Chapter 13 - Bryan
She’s been standing at the tree line for almost five minutes.
I spotted her the moment she emerged from the trail, half-hidden by the gathering darkness. She thinks I can’t see her there, watching me from the shadows like she’s trying to decide whether to approach or turn around and disappear back into the forest.
I know what she wants. I can see it in the way she keeps transferring her weight from foot to foot, in the way her hands clench and unclench at her sides.
She wants answers. The same answers she’s been demanding since the night I walked back into Silvercreek, the same ones I’ve been too much of a coward to give her.
Maybe it’s time I stopped being a coward.
“You can come out,” I call without turning my head. “I know you’re there.”
A pause. Then footsteps, soft against the fallen leaves, growing closer until she rounds the corner of the cabin and stops at the bottom of the porch steps. The last glow of evening catches the angles of her face, and something in my chest aches at the sight of her.
“How long have you known I was there?”
“Long enough.”
She climbs the steps slowly, like she’s approaching a wild animal that might bolt at any sudden movement. When she reaches the top, she doesn’t sit beside me. She just stands there with her arms crossed over her chest, looking down at me with those dark eyes.
“We need to talk,” she states. “About last night. About everything.”
“I figured as much.”
She makes a frustrated sound in the back of her throat. “Is that all you’re going to say?”
I finally turn to look at her. She’s tired. I can see it in the shadows under her eyes and in the slight droop of her shoulders. She’s been carrying this weight all day, trying to make sense of what happened between us, and I’m the one who put it there.
“Sit down, Skylar.”
For a moment, I think she’ll refuse out of pure stubbornness. But then she walks to the opposite end of the porch and sinks down against the railing, putting as much distance between us as the small space allows. She draws her knees up to her chest and wraps her arms around them like a shield.
“I talked to Ruby today,” she says. “She gave me some insight as to what happened between her and James. The misunderstanding about her cat.”
“I heard that story.”
“She said secrets rot relationships from the inside. She said I deserve to know the truth about why you left, even if it’s not what I want to hear.”
“She’s right.”
“Then tell me.” She meets my eyes, and the pain I see there makes something catch in my throat. “I’ve spent ten years wondering what I did wrong. Trying to figure out why I wasn’t enough to make you stay. I need to know, Bryan. Even if it destroys me. I need to know.”

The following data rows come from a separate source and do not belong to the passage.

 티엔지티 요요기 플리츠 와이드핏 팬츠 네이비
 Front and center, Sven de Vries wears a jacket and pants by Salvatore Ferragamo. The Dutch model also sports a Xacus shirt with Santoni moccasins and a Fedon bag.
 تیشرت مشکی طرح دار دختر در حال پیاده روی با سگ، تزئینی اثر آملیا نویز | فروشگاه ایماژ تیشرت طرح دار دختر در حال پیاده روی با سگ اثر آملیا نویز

The words sit heavy in my chest. I’ve rehearsed this conversation a thousand times over the years, practicing what I’d say if I ever got the chance to explain. But now that the moment is here, all those careful speeches dissolve into nothing.

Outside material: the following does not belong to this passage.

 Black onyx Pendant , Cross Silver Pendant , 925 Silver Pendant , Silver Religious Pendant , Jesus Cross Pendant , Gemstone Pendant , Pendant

There’s only the truth. Ugly and unvarnished and long overdue.
“The night my family died…” I have to clear my throat before continuing. “You know I was with you when it happened. Down at Miller’s pond, watching the sunset, acting like we had all the time in the world.”
“I remember.”
“When the howls started, I ran. You tried to keep up, but I was faster. By the time I reached the cabin...” I stop, forcing myself to breathe through the memory that still has the power to drag me under. “I found them. All three of them. My father on the porch. My mother in the doorway. And Mira—”
The name catches in my throat like broken glass.
“Bryan, you don’t have to—”
“Yes, I do.” I cut her off before she could give me an out. “You wanted the truth. This is it.”
She falls silent, waiting.
“Mira’s window was open. She almost made it out.
” I stare at my hands, at the scars that map a decade of violence across my knuckles.
“I stood there looking at what was left of my family, and all I could think was that I should have been there. If I hadn’t snuck out to meet you, if I’d been home where I belonged, maybe I could have done something.
Maybe I could have fought them off, or at least died with my family instead of showing up after it was already over. ”
“That’s not—”
“I know it’s not logical. I know there’s nothing I could have done against a Cheslem strike team, especially not when I was that young with no training.
But logic doesn’t matter when you’re standing in your parents’ blood at dawn, looking at your little sister’s body and knowing you survived because you chose a girl over your family. ”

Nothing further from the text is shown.